Given information START

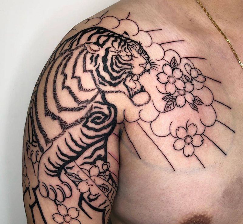 日式传统半甲虎啸纹身图片_胸部手臂老传统纹身图案
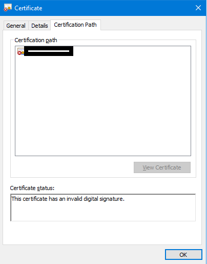 View This Certificate Has An Invalid Digital Signature Windows 7 Gif. I have pki deployed in my organization. Since it is the issuing authority's private key that is used to sign the issued certificate the signature itself would also be weak. Microsoft enforced a minimum key length limit of 1024 bits in august 2012. When you view the certificate in windows, . This invalid digital signature issue is usually related to windows not recognizing the root certificate as an authorized certificate .
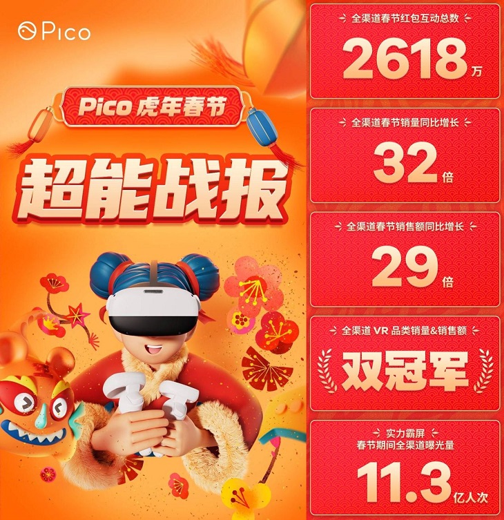 開春虎年旺,Pico開門紅打響新年第一炮,近日Pico官方正式公布了其2022年春節(jié)傳播及銷量戰(zhàn)報,2022.1.31至2022.2.7春節(jié)期間,Pico實力霸屏,全渠道優(yōu)惠券領(lǐng)取總量2618萬張,全渠道總曝光量更是達到了11.3億人次。春節(jié)流量帶來了銷售紅利,在這期間,Pico全渠道春節(jié)銷售量同比增長32倍,成交額同比去年春節(jié)增長29倍,榮獲全渠道VR品類銷量&銷售額雙冠軍,銷售成績接連創(chuàng)造佳績。
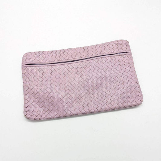 Gatto Vintage Pastel Purple Clutch Leather Basket Weave Wrist Strap Zip Close
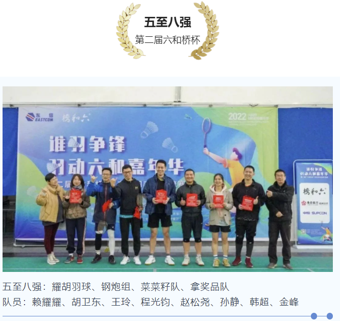 2022年12月11日上午,由qy球友会QY、东方通信科技园主办,东信羽毛球俱乐部承办,海创基地、中控集团、中恒电气、南京银行杭州分行、泰隆银行滨江支行、qy球友会QY国际创业者俱乐部米兰之约意式餐厅合作支持的2022“谁羽争锋·羽动六和嘉年华暨第二届‘qy球友会QY杯’东信羽毛球研讨赛”决赛在东方通信科技园羽毛球场隆重举行,16强队伍在这里争锋竞技。
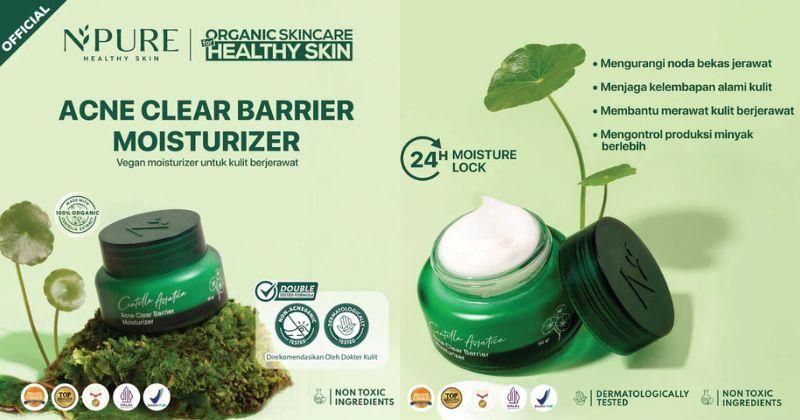 Dengan kandungan ceramide NP, glycerin, allantoin, dan betaine, pelembap ini menjaga skin barrier, menenangkan kulit, serta meningkatkan hidrasi. Bakuchi extract dan caffeine di dalamnya dapat meningkatkan produksi kolagen, mengencangkan kulit, dan mencegah tanda-tanda penuaan dini. Harga sekitar Rp 45.000 dalam ukuran 50 gr.NPure Centella Asiatica Acne Clear Barrier Moisturizer
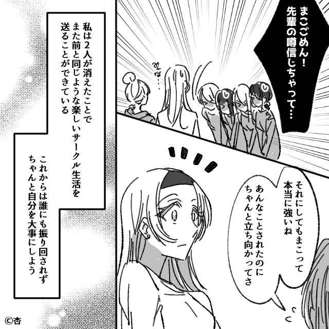 一方、主人公はサークルメンバーから謝罪され、以前と同じように楽しいサークル生活を送ることができたのでした。
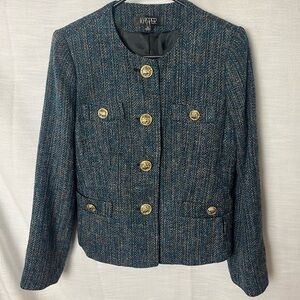 Sophisticated navy tweed blazer by Kasper. Features striking gold button details. Perfect for professional and formal settings.

Given information END

Would you output only the span of the records above that opens with the line containing "View This Certificate" and closes with the line containing "2022年12月11日上午,由qy球友会", ends included and pictures dropped?

Written response:
 View This Certificate Has An Invalid Digital Signature Windows 7 Gif. I have pki deployed in my organization. Since it is the issuing authority's private key that is used to sign the issued certificate the signature itself would also be weak. Microsoft enforced a minimum key length limit of 1024 bits in august 2012. When you view the certificate in windows, . This invalid digital signature issue is usually related to windows not recognizing the root certificate as an authorized certificate .
 開春虎年旺,Pico開門紅打響新年第一炮,近日Pico官方正式公布了其2022年春節(jié)傳播及銷量戰(zhàn)報,2022.1.31至2022.2.7春節(jié)期間,Pico實力霸屏,全渠道優(yōu)惠券領(lǐng)取總量2618萬張,全渠道總曝光量更是達到了11.3億人次。春節(jié)流量帶來了銷售紅利,在這期間,Pico全渠道春節(jié)銷售量同比增長32倍,成交額同比去年春節(jié)增長29倍,榮獲全渠道VR品類銷量&銷售額雙冠軍,銷售成績接連創(chuàng)造佳績。
 Gatto Vintage Pastel Purple Clutch Leather Basket Weave Wrist Strap Zip Close
 2022年12月11日上午,由qy球友会QY、东方通信科技园主办,东信羽毛球俱乐部承办,海创基地、中控集团、中恒电气、南京银行杭州分行、泰隆银行滨江支行、qy球友会QY国际创业者俱乐部米兰之约意式餐厅合作支持的2022“谁羽争锋·羽动六和嘉年华暨第二届‘qy球友会QY杯’东信羽毛球研讨赛”决赛在东方通信科技园羽毛球场隆重举行,16强队伍在这里争锋竞技。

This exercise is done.